Efficient Path Planning with Soft Homology Constraints
Carlos A. Taveras, Santiago Segarra, César A. Uribe
TL;DR
The paper tackles efficient path planning under soft homology constraints on disk-with-holes surfaces by leveraging discrete Hodge theory. It introduces the H$^*$ algorithm, which uses a harmonic-projection based heuristic $\gamma(\tau)$ and a cost $C^\alpha(\tau,\bar{\tau})=W(\tau)+\alpha\Delta\gamma(\tau,\bar{\tau})$ to approximate shortest paths within homology classes similar to a reference path $\bar{\tau}$; Fortified Rollout variants (RH$^*$ and PRH$^*$) further improve results. The method avoids exhaustively enumerating all homology classes, achieving substantial reductions in node visits while providing interpretable control via the parameter $\alpha$ that trades off path length and topological similarity. Numerical experiments on synthetic SCs show that H$^*$ often matches or closely approximates optimal homologous paths with far fewer expansions, and scales better as the number of holes increases, compared with prior methods like BLK. The work thus offers a practical, topology-aware planning tool for real-time robotics in cluttered environments where homology plays a crucial role.
Abstract
We study the problem of path planning with soft homology constraints on a surface topologically equivalent to a disk with punctures.
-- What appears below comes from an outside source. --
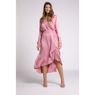 Wickelkleid, Satin, Volant, V-Ausschnitt, Langarm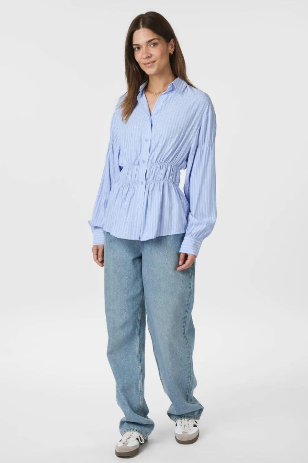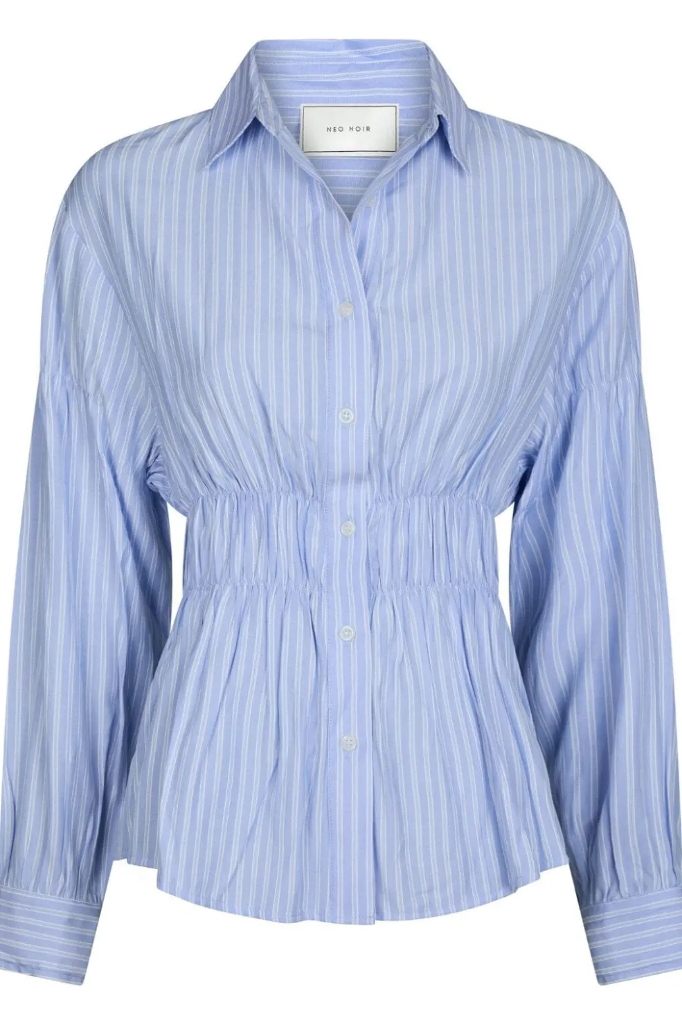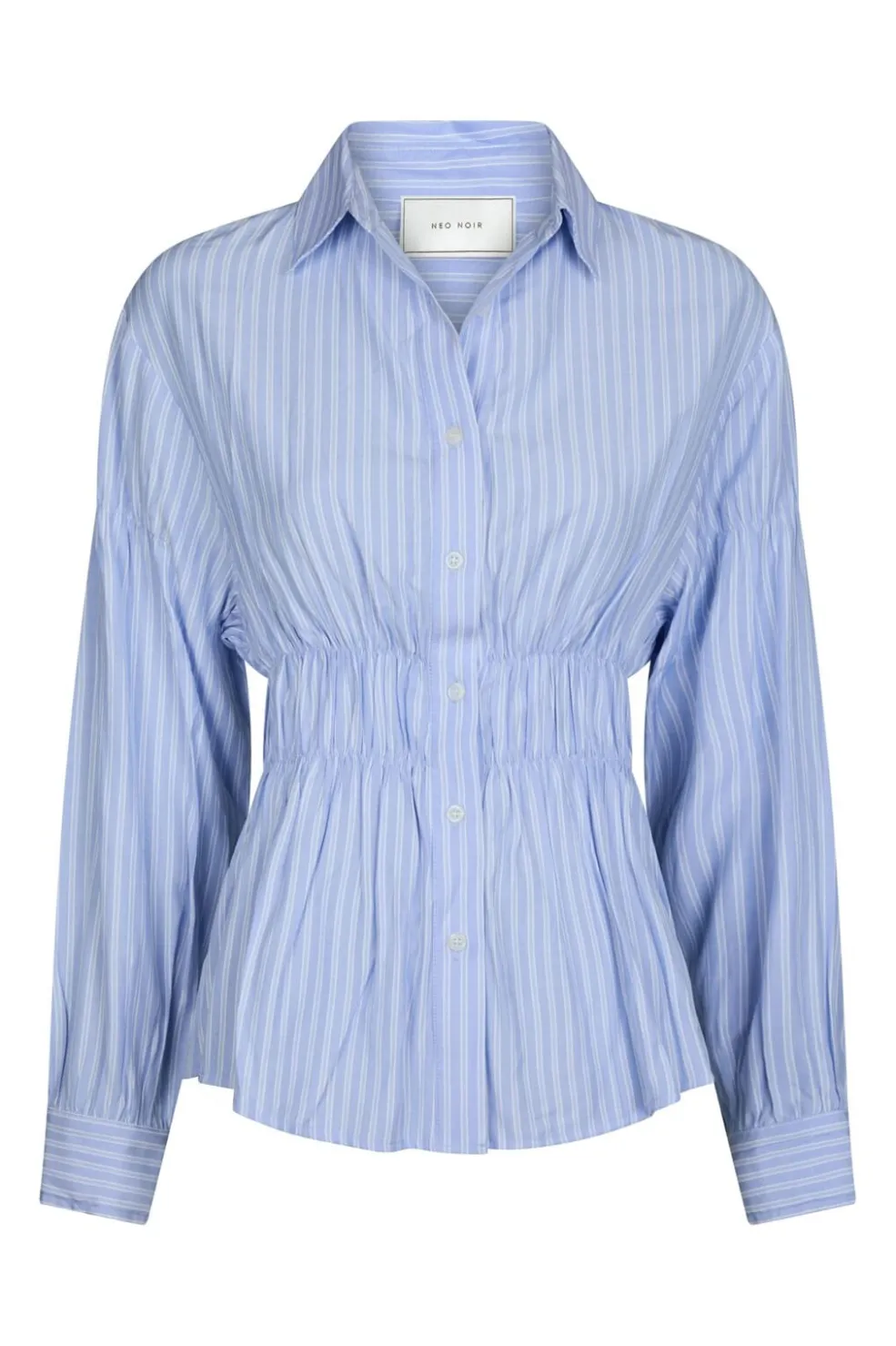 Stribet skjorte med flotte smockdetaljer i talje og skulder, i en lækker stribet kvalitet. Modellen er 176 cm og er iført størrelse 36.

Specifically, we propose an algorithm, named $\Hstar$, for the efficient computation of a path homologous to a user-provided reference path. We show that the algorithm can generate a suite of paths in distinct homology classes, from the overall shortest path to the shortest path homologous to the reference path, ordered both by path length and similarity to the reference path. Rollout is shown to improve the results produced by the algorithm. Experiments demonstrate that $\Hstar$ can be an efficient alternative to optimal methods, especially for configuration spaces with many obstacles.